Thursday, October 20, 2011


I remember the days when my kids were little.  The "b" word was butt, the "s" word was shut up and the "f" word was fart.

Man, I miss those days.

Cussing.  I really, really hate it.  Always have.  I think it's irreverent, degrading and cheap.  I think it makes a man look weak and a woman look trashy.

Aren't you glad you asked me how I really feel?

There was a group of kids that hung around the entrance to our Safeway store.  They dressed in black, smoked cigarettes and cussed.   They were scary and everybody I knew hated walking through them just to buy groceries.  Lots of folks would go to a different store to avoid them, including my 17 year old daughter.  I didn't blame them, but it sure was inconvenient. 

I had complained several times to the management, but they said the cops were tired of coming around and unless this group of kids did more than loiter, they wouldn't come back.  I guess I can understand that from the cops' perspective.  It just seemed like the store should do something since it was their property and their business.  Ever heard of private security, Safeway?

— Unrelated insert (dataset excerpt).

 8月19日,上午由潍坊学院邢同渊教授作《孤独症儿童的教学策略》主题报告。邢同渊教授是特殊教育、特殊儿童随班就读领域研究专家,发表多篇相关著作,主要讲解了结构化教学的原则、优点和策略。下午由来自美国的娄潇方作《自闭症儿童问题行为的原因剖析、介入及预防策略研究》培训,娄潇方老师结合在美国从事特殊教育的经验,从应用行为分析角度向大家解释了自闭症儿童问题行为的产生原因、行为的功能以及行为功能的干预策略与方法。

Anyway...I'm not sure what the catalyst was, but one night I had just had enough.

I was braver back then.

I stormed into the group of kids and told them I did not appreciate their language.  There were little kids and older people within earshot of their filth every day.  Besides, a lot of other people - including me - just didn't like it.  I told them I suspected their mothers probably taught them better and they should be ashamed of themselves.

So there. 

I went into the store and immediately started shaking.  Was I nuts??  A sane person would have told them off right before she got into her car and drove away, not before she intended to shop for 45 minutes.  That gave them all kinds of time to plan my demise.

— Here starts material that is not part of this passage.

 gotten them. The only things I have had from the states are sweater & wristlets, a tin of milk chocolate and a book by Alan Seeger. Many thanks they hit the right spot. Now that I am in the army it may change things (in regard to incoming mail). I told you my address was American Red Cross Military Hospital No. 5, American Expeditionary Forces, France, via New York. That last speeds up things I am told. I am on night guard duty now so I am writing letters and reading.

I exited the store with trepidation.  I'm not sure what I was expecting, but I hoped if they planned to kill me it would be quick.  I didn't want to feel any pain.  And I was glad I had recently purchased life insurance.

Sure enough, three kids broke off from the pack and followed me to my car.  "Ma'am?"  the ringleader said. 

I hate it when people call me ma'am.  But considering the words I had heard out of the mouths of these kids, ma'am seemed like a step in the right direction.

I turned around and faced them.  "Yes?"

"We would like to apologize.  You're right; our mothers did teach us better than least mine did.   I'm really sorry."

We stood there for 30 minutes and had a nice chat.  I was able to to admire their tatoos and piercings up close.  And I'm pretty sure my ice cream melted.

So, if that was your kid, thank you for teaching him better.

You may be surprised, but he really was listening.